-- The problem --
Print exactly the lines that run from the one containing "A caneta Doble" to the final line of the data, both included, and print none of the pictures.

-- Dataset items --
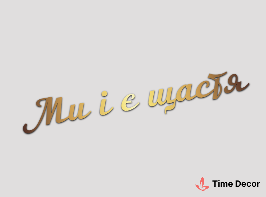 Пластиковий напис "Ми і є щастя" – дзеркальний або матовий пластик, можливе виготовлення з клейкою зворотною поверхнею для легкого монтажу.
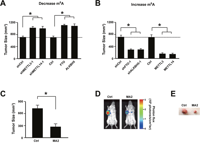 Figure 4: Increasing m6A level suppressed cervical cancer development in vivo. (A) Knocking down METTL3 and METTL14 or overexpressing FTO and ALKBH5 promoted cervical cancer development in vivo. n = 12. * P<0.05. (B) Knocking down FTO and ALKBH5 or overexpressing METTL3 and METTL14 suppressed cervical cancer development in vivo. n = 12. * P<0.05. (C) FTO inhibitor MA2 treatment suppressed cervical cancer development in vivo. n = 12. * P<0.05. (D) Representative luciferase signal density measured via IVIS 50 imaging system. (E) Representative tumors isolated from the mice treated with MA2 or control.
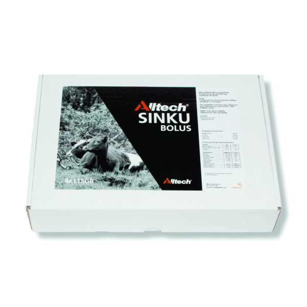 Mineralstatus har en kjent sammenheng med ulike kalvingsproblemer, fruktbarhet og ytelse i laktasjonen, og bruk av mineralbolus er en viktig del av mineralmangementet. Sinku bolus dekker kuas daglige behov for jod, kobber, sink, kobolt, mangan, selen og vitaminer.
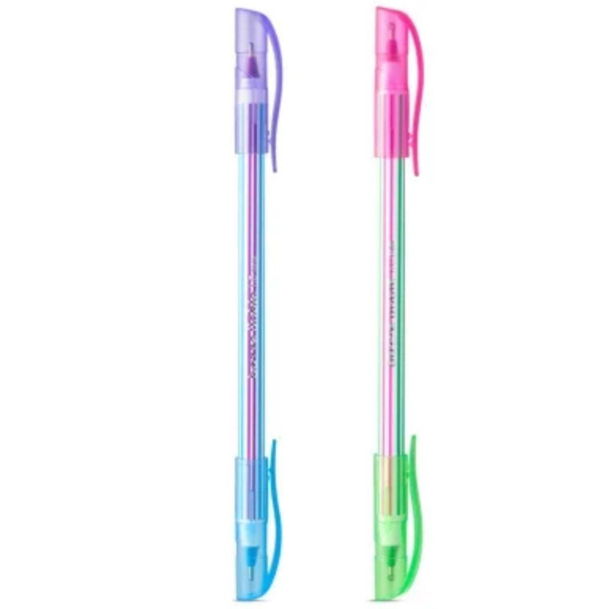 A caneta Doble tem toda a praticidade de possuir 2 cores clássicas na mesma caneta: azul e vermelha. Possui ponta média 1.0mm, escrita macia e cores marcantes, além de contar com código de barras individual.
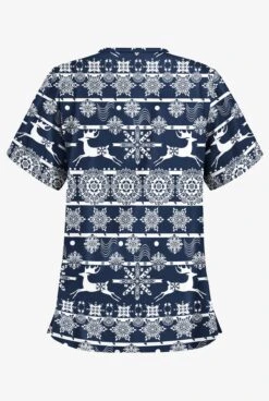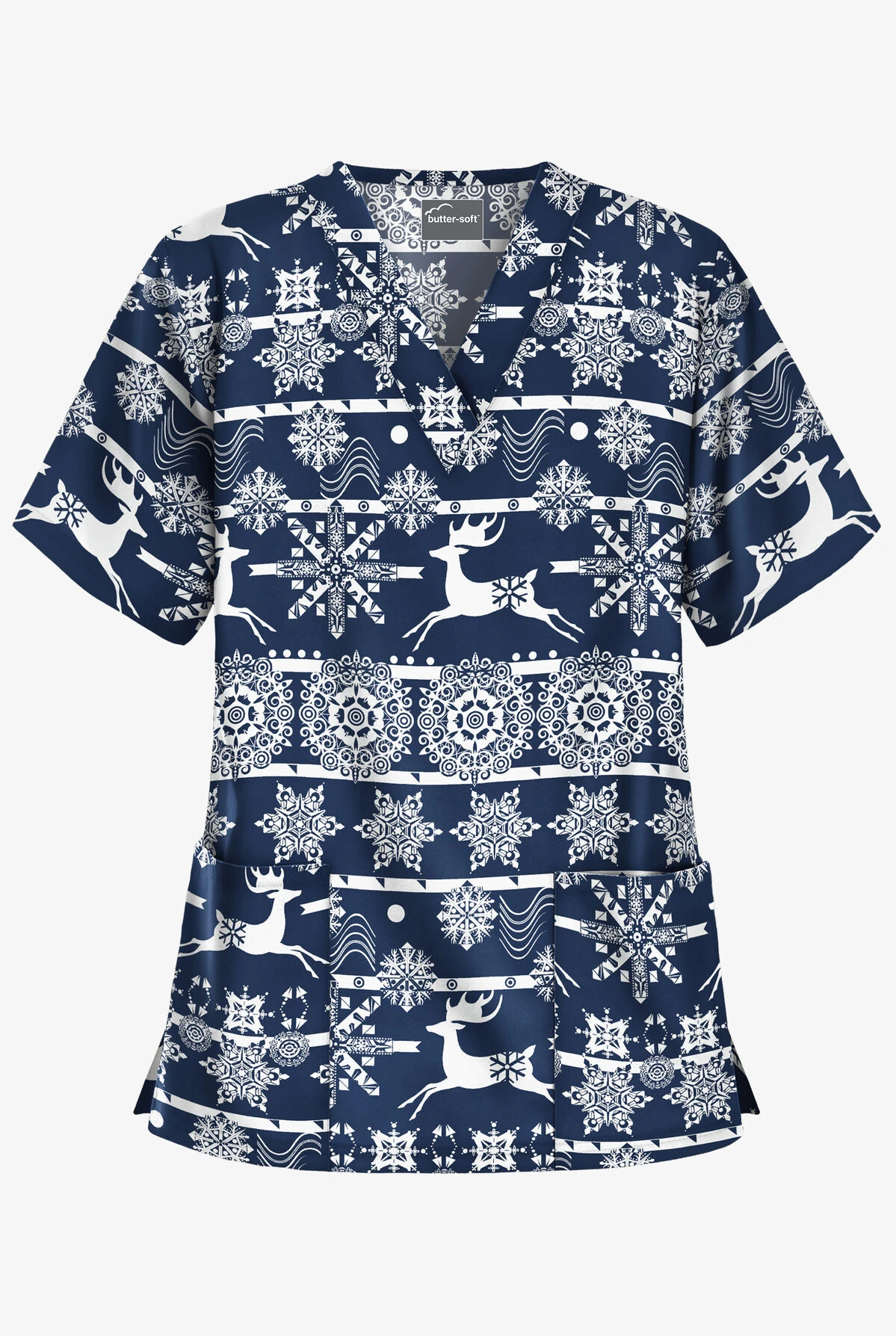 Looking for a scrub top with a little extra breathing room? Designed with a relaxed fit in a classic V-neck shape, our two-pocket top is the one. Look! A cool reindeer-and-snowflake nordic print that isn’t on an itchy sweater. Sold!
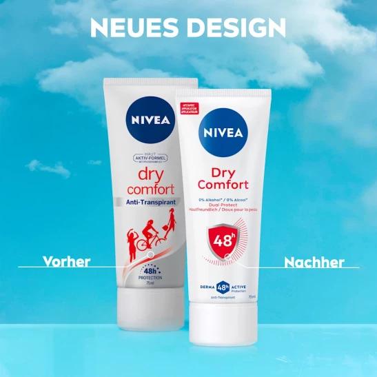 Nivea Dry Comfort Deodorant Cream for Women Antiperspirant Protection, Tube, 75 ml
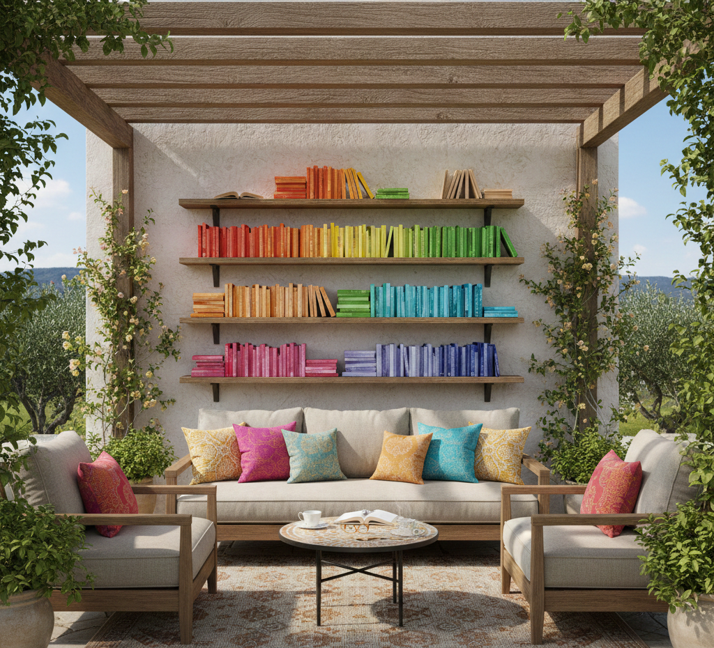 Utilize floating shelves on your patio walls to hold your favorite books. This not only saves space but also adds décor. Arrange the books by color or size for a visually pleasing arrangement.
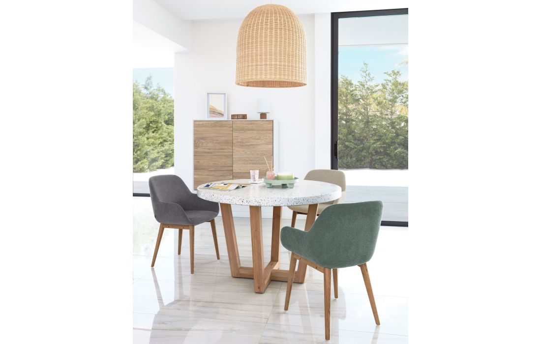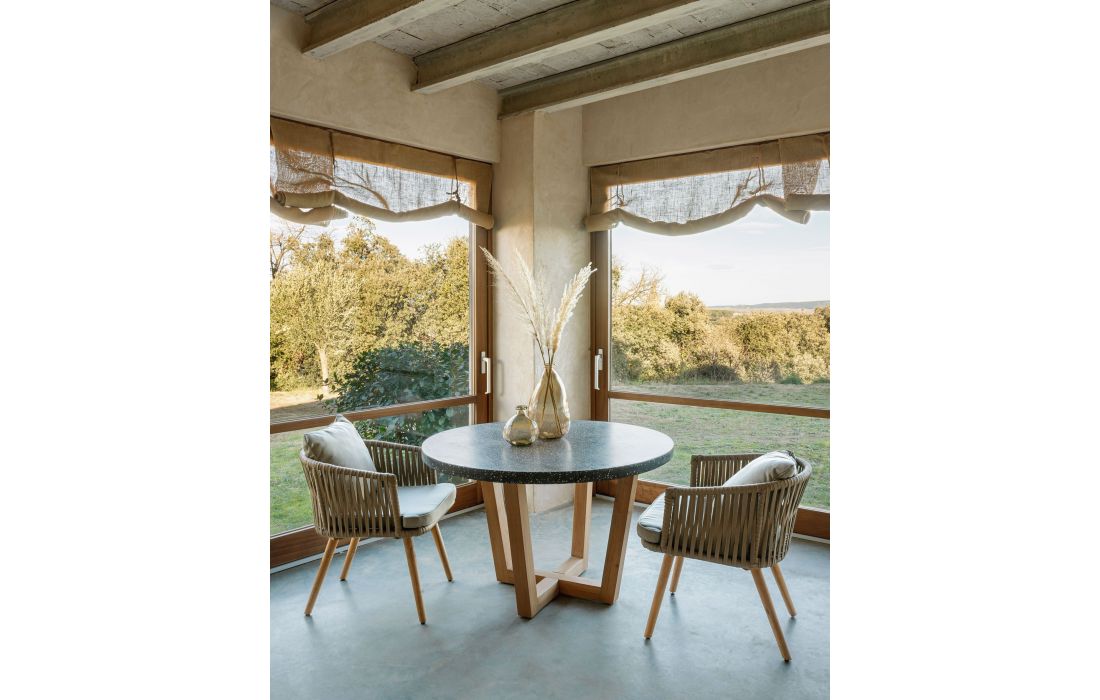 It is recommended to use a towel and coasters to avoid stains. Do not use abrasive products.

-- Solution to this task --
 A caneta Doble tem toda a praticidade de possuir 2 cores clássicas na mesma caneta: azul e vermelha. Possui ponta média 1.0mm, escrita macia e cores marcantes, além de contar com código de barras individual.
 Looking for a scrub top with a little extra breathing room? Designed with a relaxed fit in a classic V-neck shape, our two-pocket top is the one. Look! A cool reindeer-and-snowflake nordic print that isn’t on an itchy sweater. Sold!
 Nivea Dry Comfort Deodorant Cream for Women Antiperspirant Protection, Tube, 75 ml
 Utilize floating shelves on your patio walls to hold your favorite books. This not only saves space but also adds décor. Arrange the books by color or size for a visually pleasing arrangement.
 It is recommended to use a towel and coasters to avoid stains. Do not use abrasive products.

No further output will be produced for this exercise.